* **Provided data**:
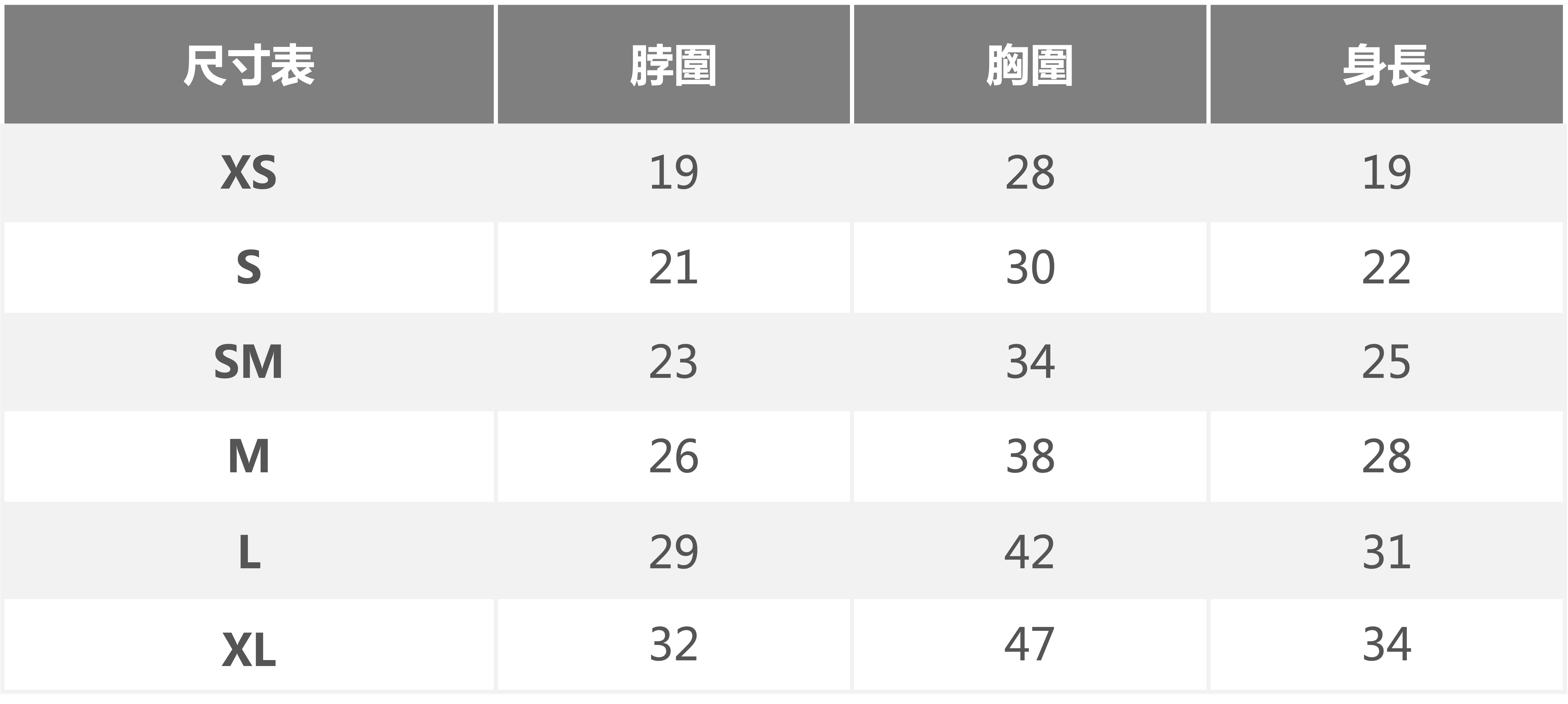 * 尺寸選擇請以胸圍為主,衣長穿著起來的長度會因版型與狗狗身材而有不同。
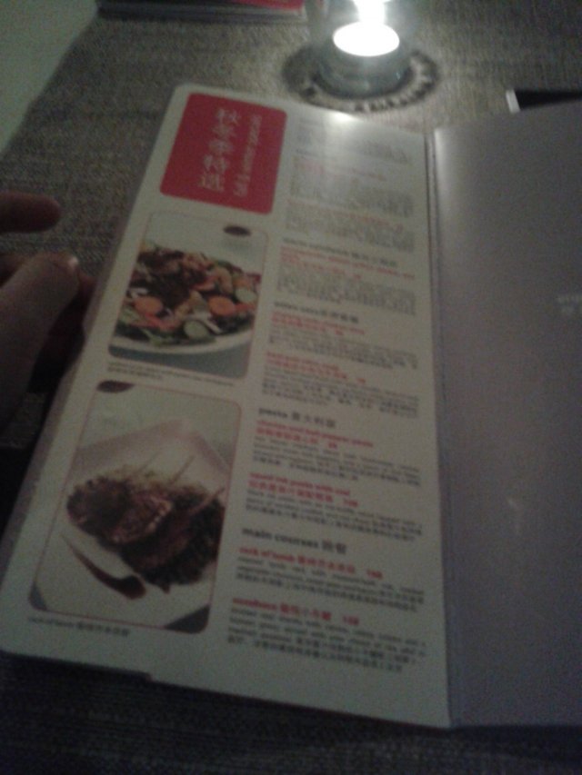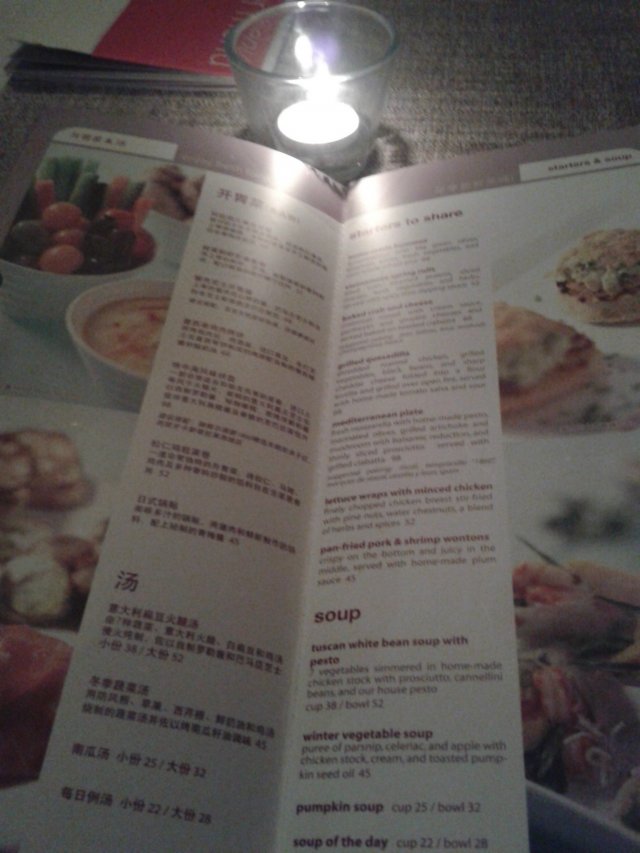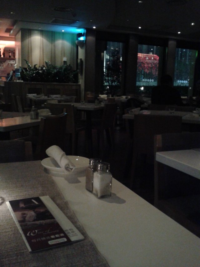 我倒得早些,先坐好了位子,一坐下,服务生就会过来帮你把桌子上的蜡烛点亮,很巧的是他们竟然安排了我坐在了三个月前我来吃饭时相同的位子上。二人桌,地方很小,走进走出要侧着身子。我等朋友的三十分钟左右时间里,服务生会过来问我要不要先点喝的,态度还不错哦!
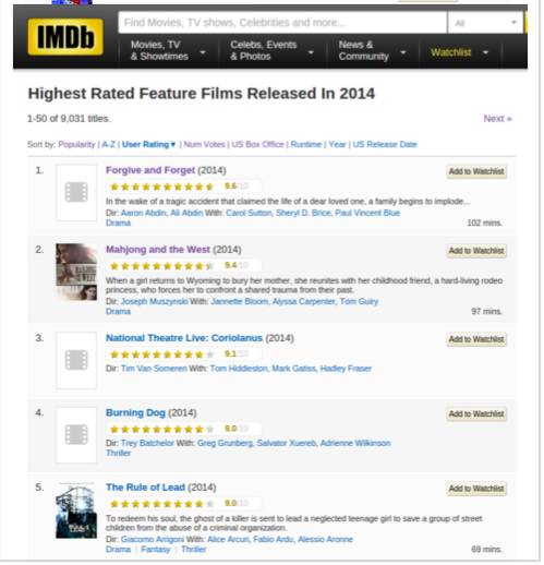 举个例子,IMDB的电影排名,对比一下用票房排名和用评分排名,票房其实是一种隐式反馈的量化,表示“看过”,而评分则是显式反馈。

* **Task description**:
The entire listing above, minus its pictures, should be copied out exactly.

* **Answer for this exercise**:
 * 尺寸選擇請以胸圍為主,衣長穿著起來的長度會因版型與狗狗身材而有不同。
 我倒得早些,先坐好了位子,一坐下,服务生就会过来帮你把桌子上的蜡烛点亮,很巧的是他们竟然安排了我坐在了三个月前我来吃饭时相同的位子上。二人桌,地方很小,走进走出要侧着身子。我等朋友的三十分钟左右时间里,服务生会过来问我要不要先点喝的,态度还不错哦!
 举个例子,IMDB的电影排名,对比一下用票房排名和用评分排名,票房其实是一种隐式反馈的量化,表示“看过”,而评分则是显式反馈。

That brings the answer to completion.